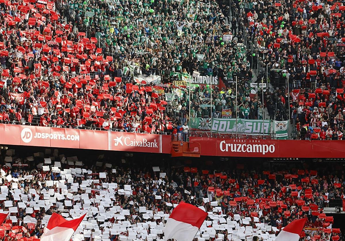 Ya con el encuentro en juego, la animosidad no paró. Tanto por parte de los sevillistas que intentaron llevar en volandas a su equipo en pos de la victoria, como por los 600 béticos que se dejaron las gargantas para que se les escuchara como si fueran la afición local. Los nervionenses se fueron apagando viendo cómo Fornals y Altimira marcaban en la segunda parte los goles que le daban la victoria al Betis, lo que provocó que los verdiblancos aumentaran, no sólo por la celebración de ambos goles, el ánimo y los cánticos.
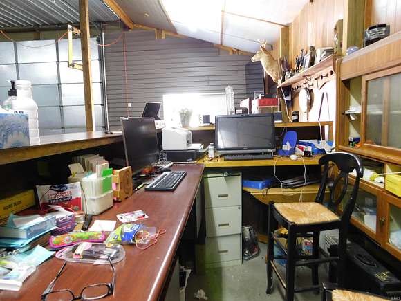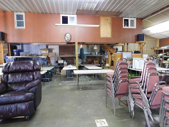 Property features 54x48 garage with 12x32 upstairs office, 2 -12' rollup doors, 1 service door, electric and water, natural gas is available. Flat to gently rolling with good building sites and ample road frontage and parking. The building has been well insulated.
--
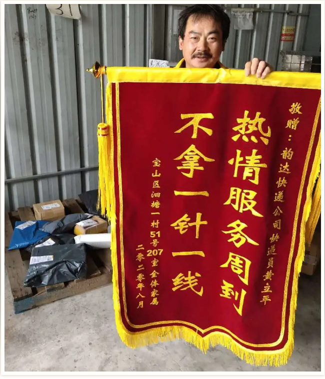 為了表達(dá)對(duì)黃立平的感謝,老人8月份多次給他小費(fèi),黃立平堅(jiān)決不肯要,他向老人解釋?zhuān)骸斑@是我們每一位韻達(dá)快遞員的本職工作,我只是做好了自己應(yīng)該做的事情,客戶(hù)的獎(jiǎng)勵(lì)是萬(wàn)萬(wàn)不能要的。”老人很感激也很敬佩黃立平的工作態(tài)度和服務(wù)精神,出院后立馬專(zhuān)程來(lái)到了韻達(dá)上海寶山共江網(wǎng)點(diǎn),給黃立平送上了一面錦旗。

▸ **Problem requirements**:
Set down exactly the lines above, from the line containing "Ya con el encuentro" through the line containing "Property features 54x48". Skip the pictures.

▸ **Written response**:
 Ya con el encuentro en juego, la animosidad no paró. Tanto por parte de los sevillistas que intentaron llevar en volandas a su equipo en pos de la victoria, como por los 600 béticos que se dejaron las gargantas para que se les escuchara como si fueran la afición local. Los nervionenses se fueron apagando viendo cómo Fornals y Altimira marcaban en la segunda parte los goles que le daban la victoria al Betis, lo que provocó que los verdiblancos aumentaran, no sólo por la celebración de ambos goles, el ánimo y los cánticos.
 Property features 54x48 garage with 12x32 upstairs office, 2 -12' rollup doors, 1 service door, electric and water, natural gas is available. Flat to gently rolling with good building sites and ample road frontage and parking. The building has been well insulated.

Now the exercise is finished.